I prayed for his soul.

I never met my paternal half brother. He and his mother, if she’s still alive, probably don’t know I exist. I suppose if they read this book they’ll know but we’re all too far down the road for it to make much difference.

Mother should have been hit upside the head for her thirty years of lying to me, but her fear that I would ditch her overwhelmed her usual good judgment on the larger emotional issues.

The funny thing is, you’d think I would be the one to fear being ditched. I called Mother and told her what I’d learned.

“He was thirty. Juliann was eighteen.

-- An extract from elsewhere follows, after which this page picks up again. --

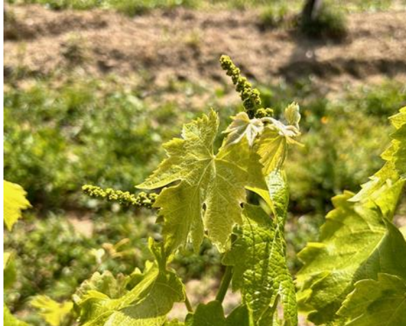
Verdicchio - grappoli separati BBCH 55

Rimangono evidenti in diversi areali, perlopiù a carico dell'apparato fogliare, i danni delle grandinate che hanno coinvolto il nostro territorio per la perturbazione del 18 aprile.

He should have known better.”

“Did anyone talk to her?”

“You try talking to someone in love. Nothing you can do but let them learn the hard way.”

“Guess they both did.”

“He got off scot-free.”

“Who knows, Mom? Maybe he suffered inside. People cover up pretty good.”

I heard a suspicious puff. “Yeah.”

“Mother, are you smoking again?”

“No” came the not very convincing reply.

“I smoke Montecristos when I can get my hands on them. I can’t say anything.”

“Oh boy, Cuban cigars. Your father loved those cigars.”

“Romeo and Juliet, and when he couldn’t buy a good cigar he contented himself with White Owl.”

“I didn’t like those.” She paused. “You have anything else to tell me?”

“No. Done is done.”

“Yeah, that’s how I look at it.” Another puff. “You got a girlfriend yet?”

“Nope.”

“You aren’t very successful as a gay person, are you?”

“Mother, I haven’t had time.”

“Before it used to be ‘I haven’t the money.’ ”

“Right. I don’t think I can live off love. I’m not getting involved unless I have resources.”

“Got some now.”

“Yeah, but I need the time to establish my career.”

“Did I do something wrong?”

This was a shock. Mother never did anything wrong and if she did she never admitted it.

“I can’t afford to talk on the phone that long.”

“Ha. Ha,” she drily replied.

“I’m not ready.”

“Think all this stuff about Gordon and Juliann set you back? You sure shy away from settling down.”

“No. Anyway, how could it? I didn’t know about Gordon.”

“I don’t want to die and have you alone in the world.”

“You’re too mean to die. I’ve always been alone.”

“You need someone to take care of you.”

“Mother, for God’s sake, that’s the last thing I need. And with my luck, I’ll wind up taking care of someone else. I can’t do that. I have to write.”

“I got those release forms you sent me.”

Harper and Row, my publishers in hardback for Six of One, insisted that Mother and Aunt Mimi sign release forms before they published the book because they feared lawsuits.

I told my editor, Harvey Ginsburg, “Where I come from we don’t use lawyers, we use guns.”

He laughed but insisted the papers must be signed.

“Sign them and send them to Harper and Row,” I told Mother.

“You’d better come down here and we can talk about it.”